Reduce crate size by ArthurZucker · Pull Request #2015 · huggingface/tokenizers

ArthurZucker · 2026-04-09T16:05:03Z

Reduce tokenizers crate size

Reduce the on-device library size of the tokenizers crate from 2.65 MB → 0.96 MB (64% reduction) for inference-only deployments.

Size reduction breakdown

Measured on macOS arm64, stripped cdylib, LTO fat, opt-level=s:

main (today, all features)                                     2.65 MB
├── drop deps (derive_builder, itertools, monostate, ahash)   -0.32 MB  (done)
├── feature-gate training/spm/parallel/unicode-norm           -0.34 MB  (done)
├── make regex optional                                       -0.65 MB  (done)
├── drop dary_heap serde feature                              -tiny     (done)
├── codegen-units = 1                                         -0.03 MB  (done, in profile)
├── panic = "abort"                                        \
├── -Zlocation-detail=none -Zfmt-debug=none                 } -0.35 MB combined
├── build-std=std,panic_abort optimize_for_size            /
└───────────────────────────────────────────────
    TOTAL with nightly build-std                               0.96 MB ✓
    TOTAL with stable (codegen-units=1, panic=abort)          ~1.18 MB

Comparison with Meta pytorch/tokenizers (C++)

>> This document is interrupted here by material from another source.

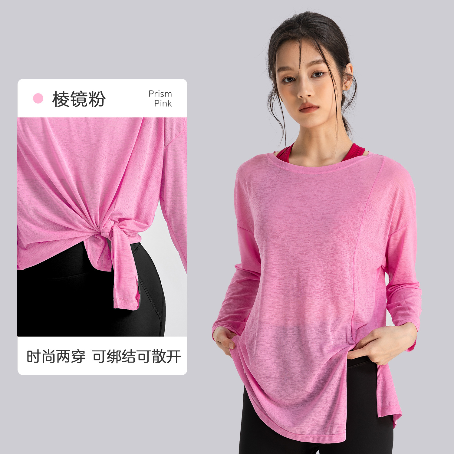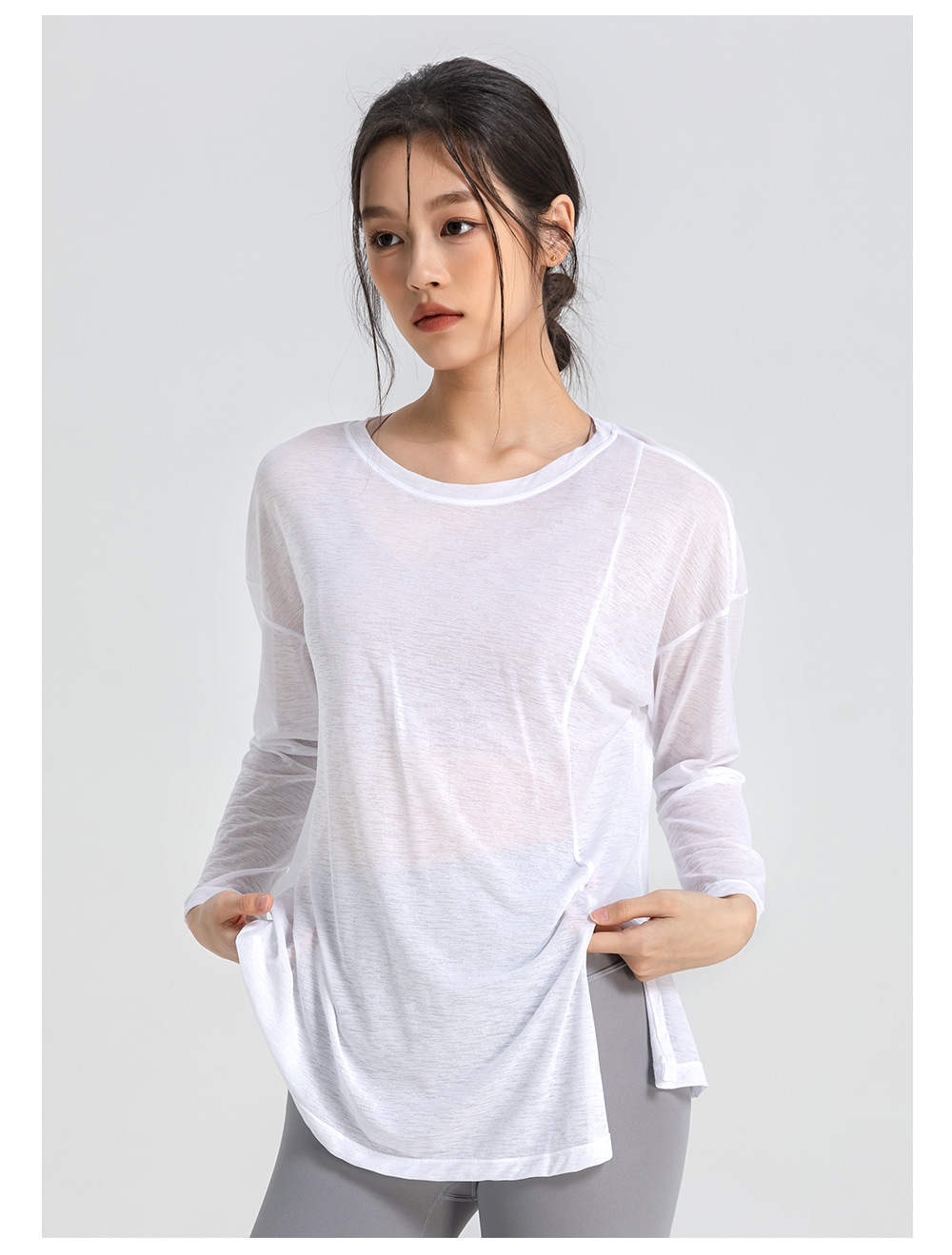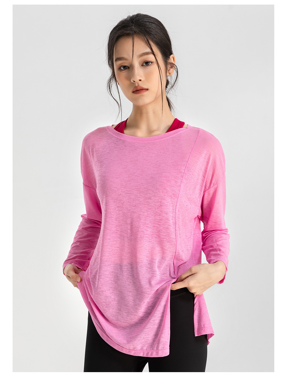 여성용 대나무 섬유 요가 커버업, 통기성 좋은 피트니스 운동복, 엉덩이를 덮는 요가복, 긴팔 상의, 여성용, 외부에서 착용 가능하고 편안합니다.

	Meta (C++)	HuggingFace (Rust, this PR)
Stripped binary	~0.8 MB	0.96 MB (nightly) / 1.18 MB (stable)
Models	BPE, SentencePiece, Tiktoken	BPE, WordPiece, Unigram, WordLevel
Normalizers	Replace, Prepend, NFC, Sequence	All of the above + NFKC/NFD/NFKD, Bert, Lowercase, Strip, StripAccents, ByteLevel, NMT
Pre-tokenizers	Regex, Digits, ByteLevel, Sequence	All of the above + Whitespace, Metaspace, Punctuation, Split, UnicodeScripts, BertPreTokenizer, CharDelimiter, FixedLength
Post-processors	TemplateProcessing, Sequence	All of the above + BertProcessing, RobertaProcessing, ByteLevel
Decoders	Basic token decoder	BPE, ByteLevel, WordPiece, Metaspace, CTC, ByteFallback, Fuse, Strip, Replace, Sequence
Added tokens	Basic special tokens only	Full `AddedToken` with single-word, lstrip/rstrip, normalized, per-token config
Training	❌	✅ (feature-gated)
Padding / Truncation	❌	✅
Batch encoding	❌	✅ (with optional rayon parallelism)
`tokenizer.json` loading	✅ (partial — many post-processors are TODO)	✅ (full)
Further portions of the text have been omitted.